First Medication to Treat Severe Frostbite Approved by the FDA

First Medication to Treat Severe Frostbite Approved by the FDA

On Wednesday, the U.S. Food and Drug Administration authorized the first drug to treat severe frostbite.

Eicos Sciences Inc. produces Aurlumyn, an injection used to treat adult severe frostbite and lower the risk of amputating a finger or toe.

According to a release from the FDA’s Center for Drug Evaluation and Research, Dr. Norman Stockbridge, director of the division of cardiology and nephrology, “this approval provides patients with the first-ever treatment option for severe frostbite.” “Having this new option provides physicians with a tool that will help prevent the lifechanging amputation of one’s frostbitten fingers or toes.”

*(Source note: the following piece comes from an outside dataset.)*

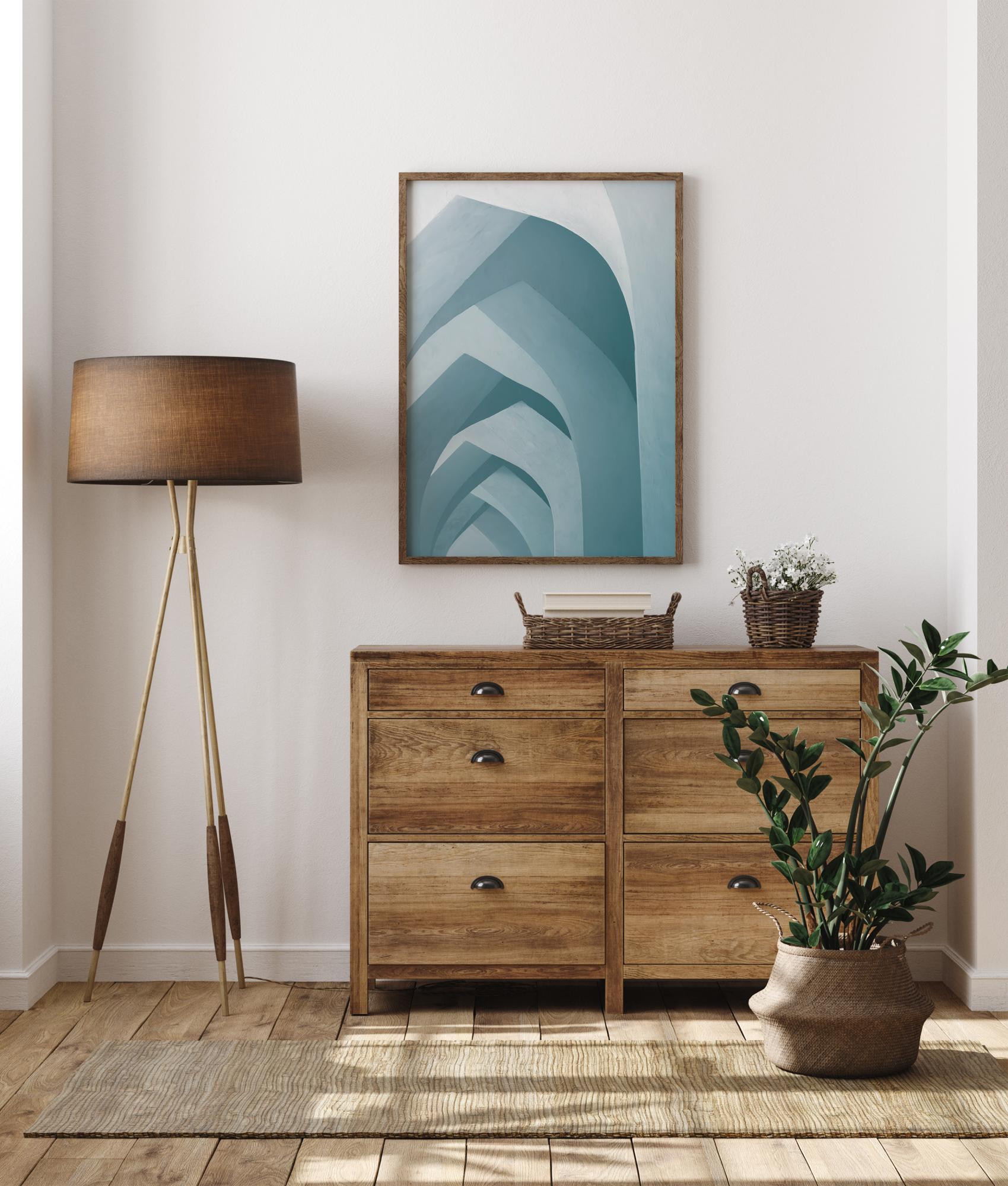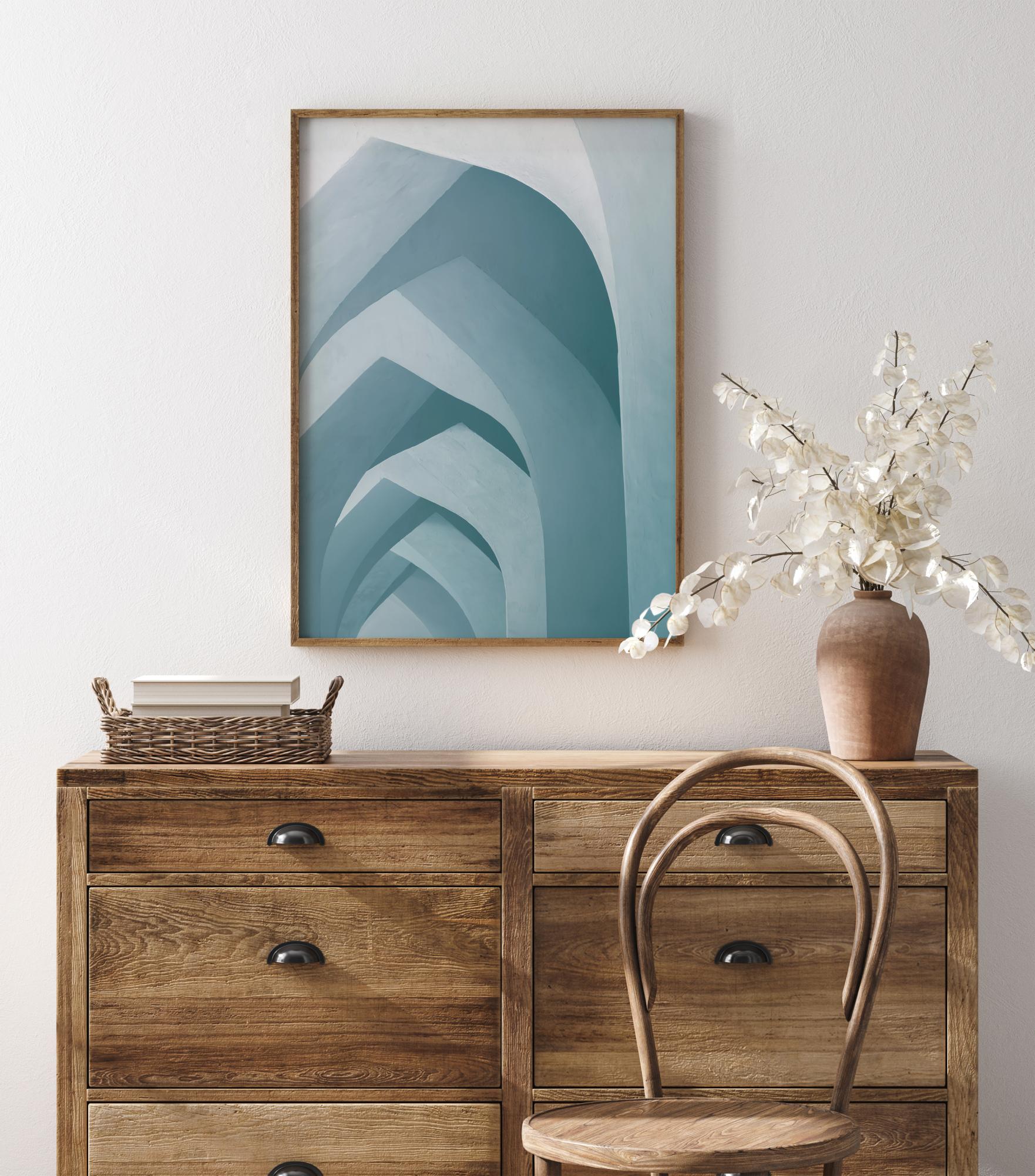 Un poster grafic cu diferite forme care creează arcuri. Fiecare formă de arc este creată cu ajutorul culorilor bloc în diferite nuanțe de albastru. Întunericul și lumina sunt opuse pentru a crea o iluzie de adâncime și senzația unui coridor lung. Agață-l pe un perete alb pentru a face culorile și mai contrastante.
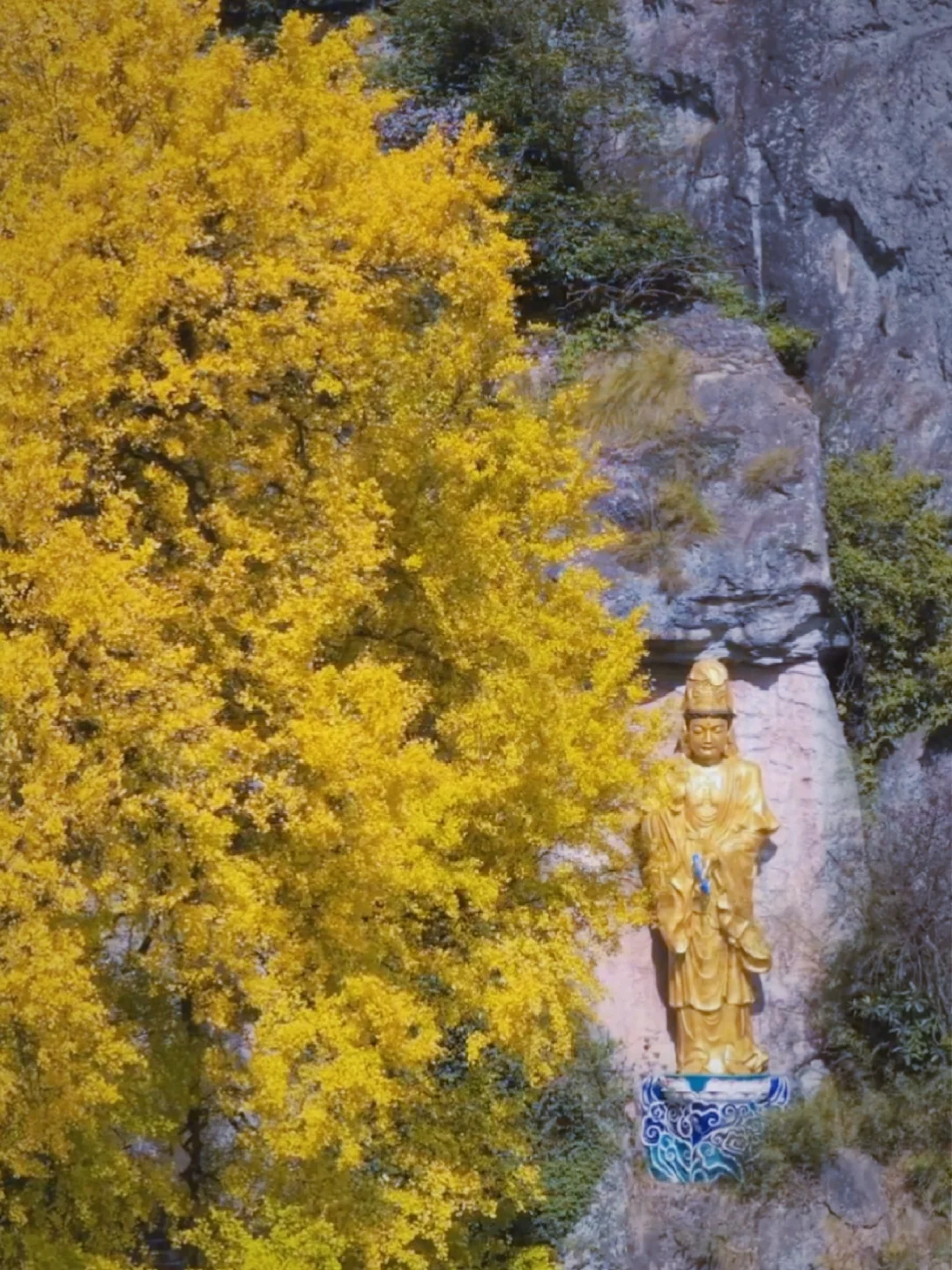 ✅728岁银杏:11月中下旬满树鎏金,落叶铺成黄金毯,古刹黄叶相映,治愈值拉满。

When the skin and underlying tissues are harmed by low temperatures, it can result in frostbite. The usual course of treatment is to cover the injured skin region with blankets or submerge it in warm water.

Usually, there are three phases to frostbite; severe frostbite is the last stage, which causes numbness and hard, black skin from dying skin cells. The Cleveland Clinic states that large blisters may form on the skin a day or two after exposure to the cold and that skin damage may be irreversible.

An amputation may be necessary for the frostbitten extremity if the underlying tissues have frozen and the blood supply has stopped.

The main component of Aurlumy is iloprost, a vasodilator—a kind of medication that widens blood arteries to facilitate blood flow and inhibit clotting. In 2004, it was first authorized to treat pulmonary arterial hypertension.

Researchers looked at 47 adults with severe frostbite in a controlled experiment; aspirin was administered via vein along with conventional treatment. Three groups were formed out of these.

The medication was given intravenously to the first group for up to six days, six hours a day. The drugs given to the two surviving groups were not authorized for treating frostbite. These same drugs were administered with iloprost to the second group and not with it to the third.

Seven days following their first frostbite, the patients underwent bone scans to determine if they would require the amputation of at least one finger or toe.

In contrast to 19% of patients in group two and 60% of patients in group three, none of the patients in the first group receiving iloprost alone had bone scans on the seventh day that suggested they would require an amputation.

Additionally, the groups getting iloprost alone or in conjunction with other medication had considerably less anomalies in the bone scan.

“Most patients had follow-up information on whether they subsequently underwent at least one finger or toe amputation,” the FDA release said. “The need for amputation was consistent with the bone scan findings.”

Aurlumyn’s most frequent side effects during the trial were flushing, headaches, nausea, vomiting, dizziness, palpitations in the chest, elevated heart rate, and low blood pressure.